When the convolution kernels of the two layers are set to two units, the parameter values of convolution kernels at each position are shared and dynamically adjusted. In the locally connected layer, the convolution kernels will change parameters with the position sliding. In this mechanism, convolution kernels at different positions in the locally connected convolution can generate different features. For example, in generating a face picture from noise vectors, the same convolution kernel can be used to generate features corresponding to eyes in the upper half of the image. When sliding to the lower part of the image, the convolution kernel can be used to generate mouth features correspondingly.

Compared with convolution, locally connected convolution can pay more attention to the generation of features at different positions in the generative task, so we use locally connected convolution to generate spectral features in different bands in the LCGAN.

We can see that after the convolution operation, the length of the output will be shorter than that of the input. For one-dimensional convolution, the length relationship between input and output is as follows:

\begin{array}{l} \begin{matrix} o = \frac{n + 2 p - f}{s} + 1 \end{matrix} & (6) \end{array}

where n is the length of input data (for two-dimensional data, n * n is the two-dimensional size of input data), p is the size of filling, s is the size of step size, f is the size of convolution kernel, and O is generally the size of output data. If the convolution operation is not filled, the data size will be reduced with each volume layer.

In order to generate spectral data with more feature dimensions from the original low dimensional random noise vector, we use the method of locally connected convolution and up-sampling to expand the dimension of the data layer by layer. The operation is shown in Figure 3.

FIGURE 3

Figure 3. The dimension was expanded by locally connected convolutions and up-sampling.

Generative Adversarial Network

Suppose that there is a simple and easy sampling distribution p(z) in the low dimensional space Z. Generally, p(z) is the standard normal distribution N(0, 1), and the target is the complex distribution X in the high-dimensional space. We want a neural network to fit such a mapping function G:Z → X, which is called generative modeling.

GAN makes the samples generated fit the real data distribution through the adversarial training (Goodfellow et al., 2014; Hong et al., 2019). There are two models in GAN, which can both be made up of deep neural networks. The task of the discriminator model is to distinguish whether the input sample is the real data or the generated data. The goal of the generator model is to generate samples so that the discriminator model cannot distinguish the generated from the true. The training objectives of the two models are the opposite, and they were trained alternately. The training process is similar to a minimax two-player game. The ultimate goal is to generate samples that resemble the real data.

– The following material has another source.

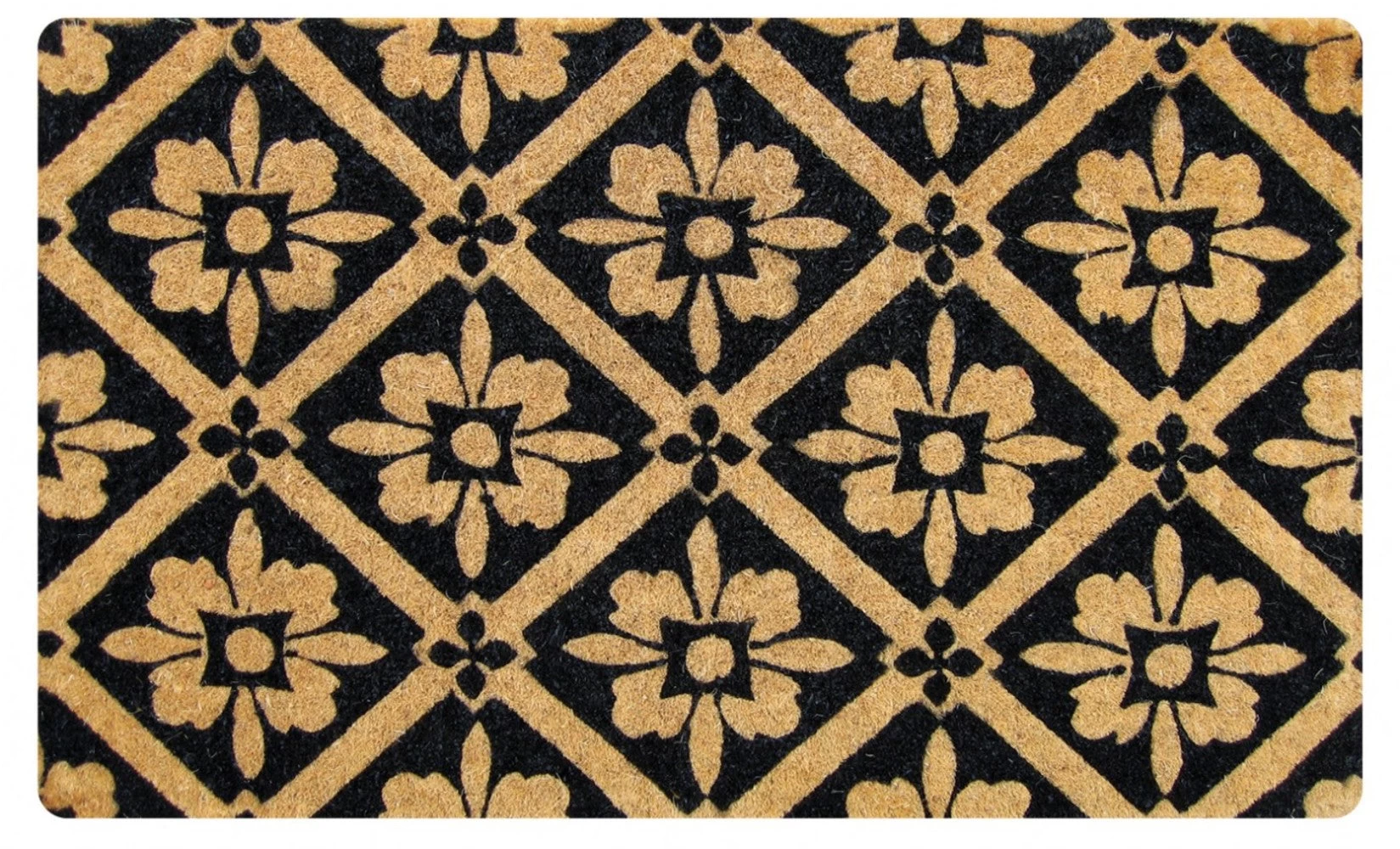 The ideal mat for a sophisticated classic home where black accents in exterior architectural detail are used. Would work well with tessellated tiles and black iron Roman inspired urns.Â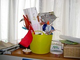 スウが入園して2ヶ月半強。園から持って帰るガラクタ工作の量がすごいことになっていますみんなで一緒に作る時もあるけど、ほとんどが自由遊びの際に、制作コーナーで勝手に作ってくるもの。だから、毎日のように何かを作って持ち帰る子もいれば、全然興味を示さない子もいるようで。私がこの園を気に入った理由の一つが、制作コーナーや自由遊びの充実。だから、スウがそれを楽しんでくれてるのは嬉しいのだけど、置き場所に困るよ・・・。もうバケツ一杯溢れてるし。これからもどんどん増えそうだし。ルナが壊しちゃうから、手が届かない場所=一番良い場所をガラクタ工作たちに占領されてます。↑出窓がこんな状態に・・・ 小物や平面の物はともかく、立体は困る~。この他にも、園でお預かりしてる物もあるだろうから、年度末はすごそう・・・。夫は、忘れてそうなのから捨てちゃえと言うけど、結構覚えていて、時々バケツをあさって、「○○はどこ~」なんてやってるし、作ったもので遊んだりもしてるから、捨てるのも可哀想だしね。それに、困ると言いつつ、何も持ってこない日が続くと、園で何してるんだろうな~と心配になったりも。とりあえず、子供部屋という名の荷物置き場に、少しづつ移動を計画中。私自身が、工作、というか自分で考えて何か作るってすごく苦手だから、娘がそういうのに積極的に取り組んでるのを見ると、頼もしいです家では「勿体ない!」と使わせないゴムのガムテープも、園では惜しみなく使わせてくれてるみたい。ありがたい↑お散歩の友の双眼鏡使ってるのは万能バケツのタブトラッグス便利な収納バケツ♪Tubtrugs(タブトラッグス) Sサイズこれ、可愛いし使い勝手も良くて、各サイズ家にあります♪

The goal of the discriminator is to distinguish whether a sample is from real data or generated data, so the discriminator model is actually a two-class classifier model. The label y = 1 indicates that the sample comes from real data, and y = 0 indicates that the sample comes from the generator model. The discriminator model should give the probability p(y = 1|x) of the input x from the real distribution. The loss function of the discriminatior is defined as below:

\begin{array}{l} \begin{matrix} min - (E_{x} [y l o g p (y = 1 | x) + (1 - y) l o g p (y = 0 | x)]) \end{matrix} & (7) \end{array}

The goal of the generator model is opposite to the discriminator model. The generator aims to let the discriminator distinguish the generated samples as real samples. The generator will minimize the following equation:

\begin{array}{l} \begin{matrix} max (E_{z ~ p (z)} [log D (G (z; θ))]) \end{matrix} & (8) \end{array}

Above all, for the whole GAN, the loss function can be expressed as follows:

\begin{array}{l} \begin{matrix} \min \max L (G, D) = E_{x ~ p (x)} [\log D (x; c)] + \\ E_{z ~ p (z)} [\log (1 - D (G (z; θ); β))] \end{matrix} & (9) \end{array}

Here, β is the weight parameter of the discriminator model, θ is the weight parameter of the generative model, D(x; β) is the output of the discriminator model for the input sample x based on weight β, and G(z; θ) is the generated data when the input is Z based on the generator parameterized with weight θ. E[] is the expected operation.

Based on the game theory, the generator model and discriminator model can reach a local Nash equilibrium in theory. For the discriminator model, the probability that any input sample is true is about 0.5. That is, the discriminator model cannot recognize the source of the input sample. At this time, the network can generate samples that conform to the real data distribution.

Our LCGAN architecture is shown in Figure 4.

FIGURE 4

Figure 4. The whole architecture of the LCGAN.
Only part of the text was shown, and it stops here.